**Exercise:** Copy the data exactly. Images are the one exception.

─── Extracted material

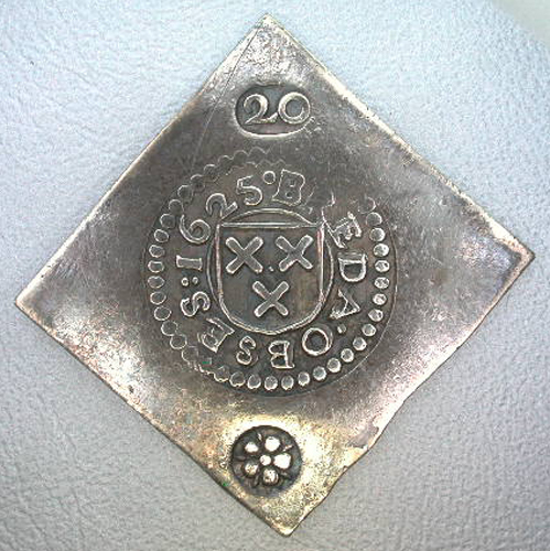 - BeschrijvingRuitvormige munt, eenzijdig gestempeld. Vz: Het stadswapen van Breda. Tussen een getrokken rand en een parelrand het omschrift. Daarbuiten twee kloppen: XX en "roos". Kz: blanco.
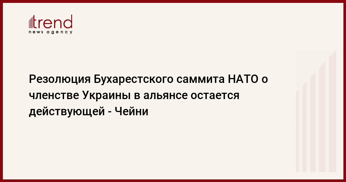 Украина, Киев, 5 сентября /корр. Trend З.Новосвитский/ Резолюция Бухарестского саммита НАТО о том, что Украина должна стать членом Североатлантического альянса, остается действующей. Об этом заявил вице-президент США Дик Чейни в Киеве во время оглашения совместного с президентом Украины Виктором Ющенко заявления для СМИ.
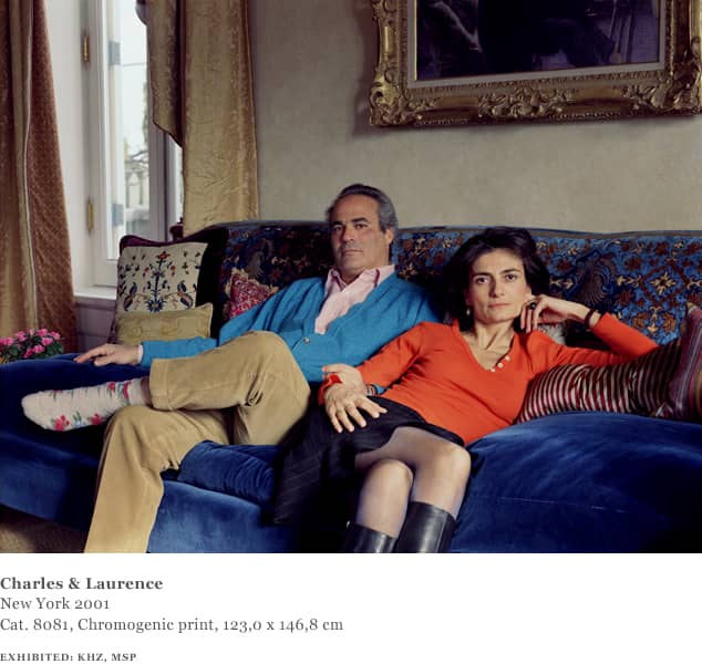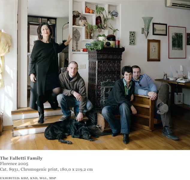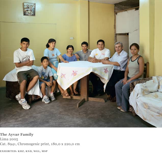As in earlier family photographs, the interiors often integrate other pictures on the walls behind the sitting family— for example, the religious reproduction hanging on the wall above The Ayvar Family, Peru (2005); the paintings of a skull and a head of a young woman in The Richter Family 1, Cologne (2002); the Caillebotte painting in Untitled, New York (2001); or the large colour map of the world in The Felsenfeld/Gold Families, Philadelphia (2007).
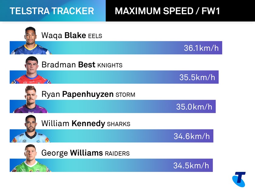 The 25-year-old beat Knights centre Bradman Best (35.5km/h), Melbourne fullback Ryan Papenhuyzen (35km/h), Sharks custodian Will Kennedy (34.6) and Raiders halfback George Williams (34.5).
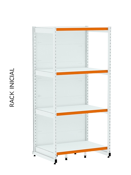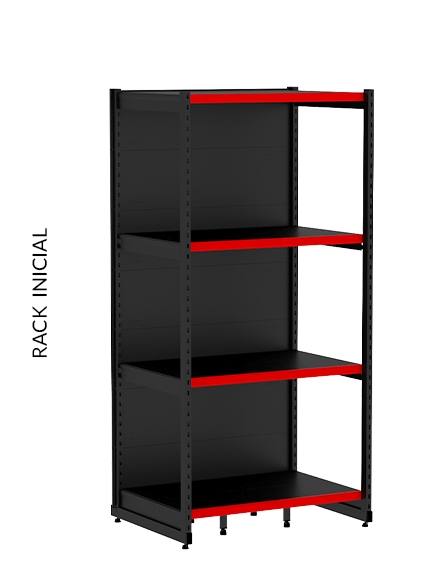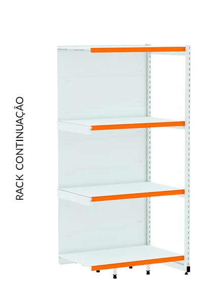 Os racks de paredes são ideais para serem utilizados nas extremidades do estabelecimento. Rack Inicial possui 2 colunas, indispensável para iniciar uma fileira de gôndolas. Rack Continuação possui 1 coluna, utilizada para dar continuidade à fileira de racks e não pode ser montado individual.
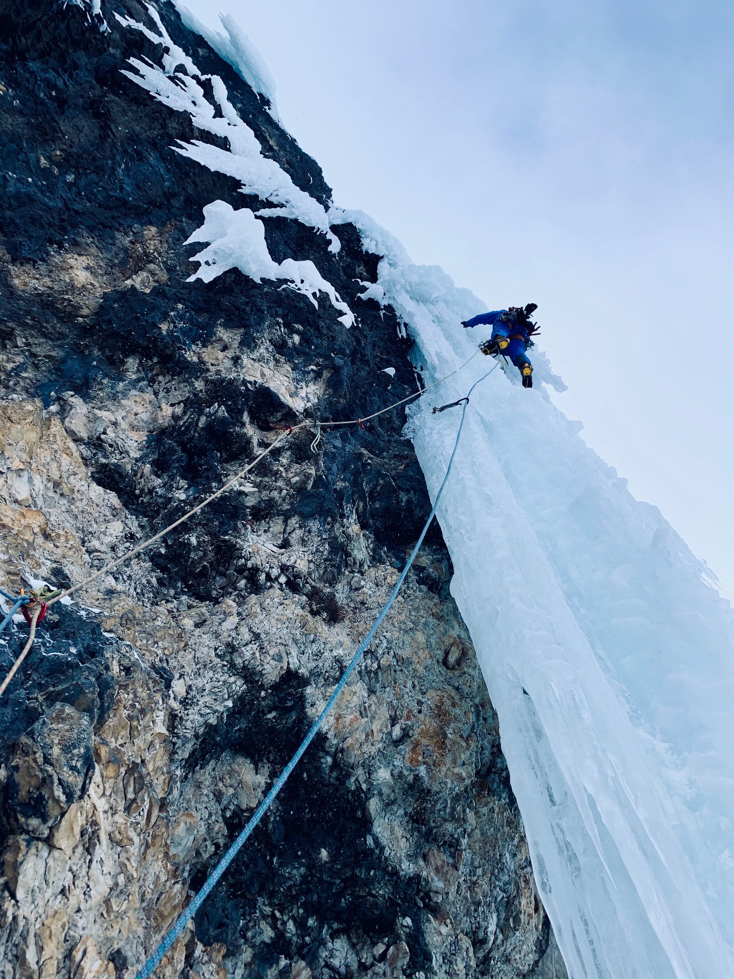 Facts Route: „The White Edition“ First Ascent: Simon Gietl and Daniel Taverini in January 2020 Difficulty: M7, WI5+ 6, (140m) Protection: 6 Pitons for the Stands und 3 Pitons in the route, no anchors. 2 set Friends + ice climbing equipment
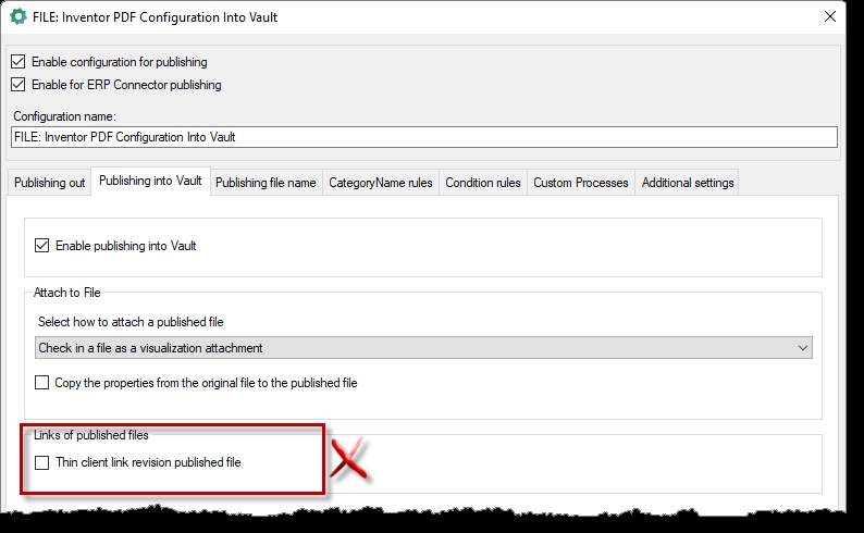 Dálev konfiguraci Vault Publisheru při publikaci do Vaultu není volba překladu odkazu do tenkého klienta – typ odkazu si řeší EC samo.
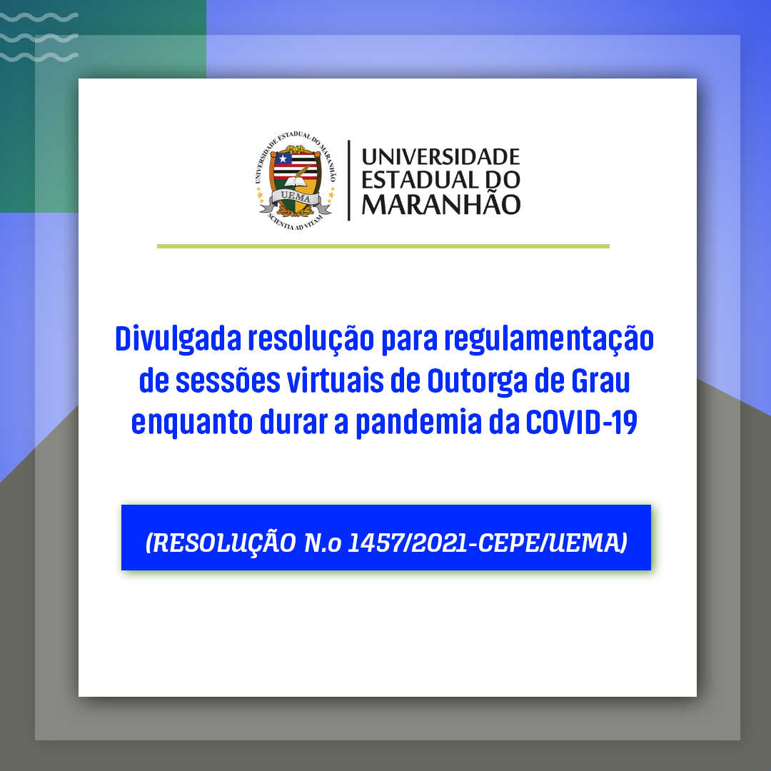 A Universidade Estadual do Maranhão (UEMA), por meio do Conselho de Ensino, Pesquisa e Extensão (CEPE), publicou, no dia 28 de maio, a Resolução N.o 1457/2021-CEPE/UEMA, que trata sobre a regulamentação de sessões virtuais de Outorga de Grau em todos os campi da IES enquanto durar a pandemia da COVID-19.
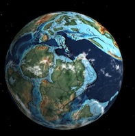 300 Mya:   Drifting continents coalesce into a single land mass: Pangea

──────

**Result:**
 - BeschrijvingRuitvormige munt, eenzijdig gestempeld. Vz: Het stadswapen van Breda. Tussen een getrokken rand en een parelrand het omschrift. Daarbuiten twee kloppen: XX en "roos". Kz: blanco.
 Украина, Киев, 5 сентября /корр. Trend З.Новосвитский/ Резолюция Бухарестского саммита НАТО о том, что Украина должна стать членом Североатлантического альянса, остается действующей. Об этом заявил вице-президент США Дик Чейни в Киеве во время оглашения совместного с президентом Украины Виктором Ющенко заявления для СМИ.
As in earlier family photographs, the interiors often integrate other pictures on the walls behind the sitting family— for example, the religious reproduction hanging on the wall above The Ayvar Family, Peru (2005); the paintings of a skull and a head of a young woman in The Richter Family 1, Cologne (2002); the Caillebotte painting in Untitled, New York (2001); or the large colour map of the world in The Felsenfeld/Gold Families, Philadelphia (2007).
 The 25-year-old beat Knights centre Bradman Best (35.5km/h), Melbourne fullback Ryan Papenhuyzen (35km/h), Sharks custodian Will Kennedy (34.6) and Raiders halfback George Williams (34.5).
 Os racks de paredes são ideais para serem utilizados nas extremidades do estabelecimento. Rack Inicial possui 2 colunas, indispensável para iniciar uma fileira de gôndolas. Rack Continuação possui 1 coluna, utilizada para dar continuidade à fileira de racks e não pode ser montado individual.
 Facts Route: „The White Edition“ First Ascent: Simon Gietl and Daniel Taverini in January 2020 Difficulty: M7, WI5+ 6, (140m) Protection: 6 Pitons for the Stands und 3 Pitons in the route, no anchors. 2 set Friends + ice climbing equipment
 Dálev konfiguraci Vault Publisheru při publikaci do Vaultu není volba překladu odkazu do tenkého klienta – typ odkazu si řeší EC samo.
 A Universidade Estadual do Maranhão (UEMA), por meio do Conselho de Ensino, Pesquisa e Extensão (CEPE), publicou, no dia 28 de maio, a Resolução N.o 1457/2021-CEPE/UEMA, que trata sobre a regulamentação de sessões virtuais de Outorga de Grau em todos os campi da IES enquanto durar a pandemia da COVID-19.
 300 Mya:   Drifting continents coalesce into a single land mass: Pangea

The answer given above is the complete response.